== Segment start ==

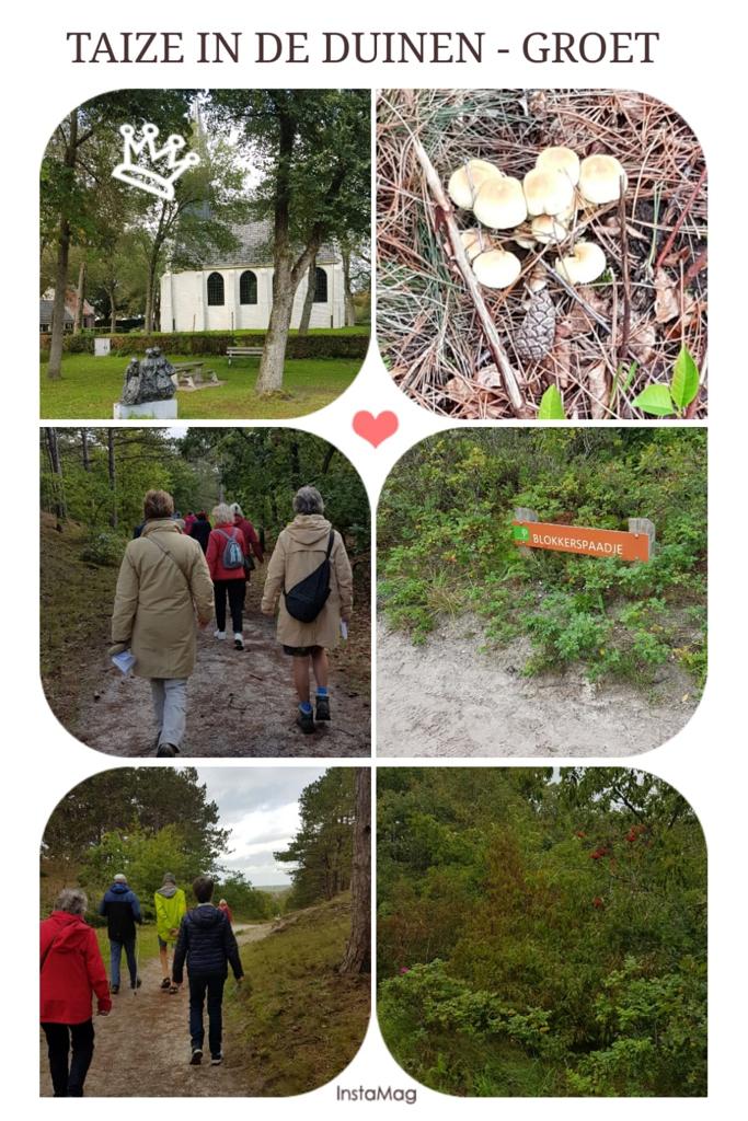 Op 4 oktober liepen 30 mensen, rijp en groen, door de duinen. De wandeling was een vervanging van de Taizeviering. Stilte en zang rond een uitwaaiend kaarsje, wisselden elkaar af. Maar het was droog en af en toe kwam er een aarzelend zonnetje, als een glimlach van de Eeuwige.
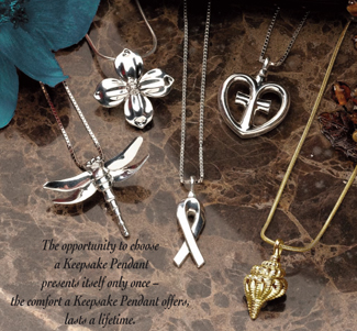 “Keepsake Pendants” bring memories to an even more personal level by holding a small portion of cremated remains, a lock of hair or dried ceremonial flowers. The pendants enable others to cope more easily, to hold a source of comfort in their hands and to find peace in their hearts. Contact Loveland Funeral Chapel for more information.
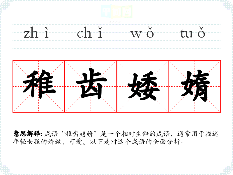 成语“稚齿婑媠”是一个相对生僻的成语,通常用于描述年轻女孩的娇嫩、可爱。以下是对这个成语的全面分析:
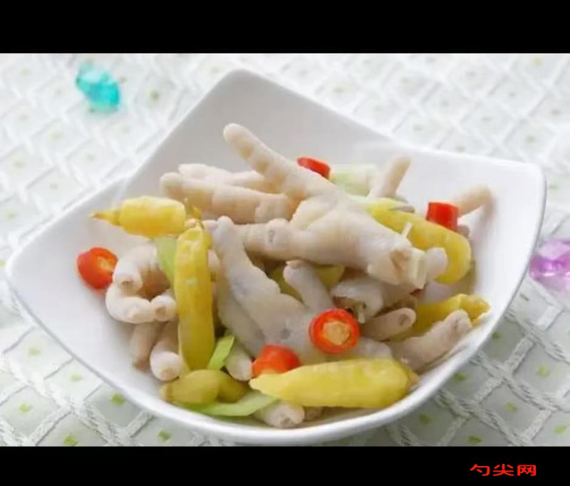 配方:水546克、富磷聯E型、味達蕾901號各適量、食鹽36克、白砂糖17克、白酒12克、生姜9克、泡椒80克、泡椒水250克。雞爪1500克
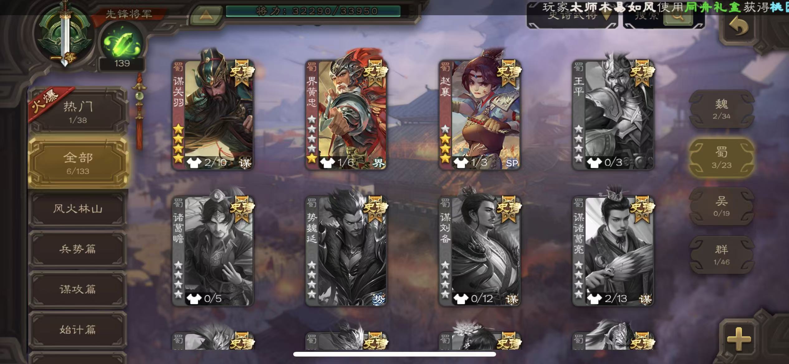 先锋曹髦谋关羽界于禁界黄忠赵嚷星董卓3万羽毛

== Segment end ==

- [YOUR INSTRUCTIONS]: The listing above, line by line: print it exactly, but not its pictures.

- [RESULT]:
 Op 4 oktober liepen 30 mensen, rijp en groen, door de duinen. De wandeling was een vervanging van de Taizeviering. Stilte en zang rond een uitwaaiend kaarsje, wisselden elkaar af. Maar het was droog en af en toe kwam er een aarzelend zonnetje, als een glimlach van de Eeuwige.
 “Keepsake Pendants” bring memories to an even more personal level by holding a small portion of cremated remains, a lock of hair or dried ceremonial flowers. The pendants enable others to cope more easily, to hold a source of comfort in their hands and to find peace in their hearts. Contact Loveland Funeral Chapel for more information.
 成语“稚齿婑媠”是一个相对生僻的成语,通常用于描述年轻女孩的娇嫩、可爱。以下是对这个成语的全面分析:
 配方:水546克、富磷聯E型、味達蕾901號各適量、食鹽36克、白砂糖17克、白酒12克、生姜9克、泡椒80克、泡椒水250克。雞爪1500克
 先锋曹髦谋关羽界于禁界黄忠赵嚷星董卓3万羽毛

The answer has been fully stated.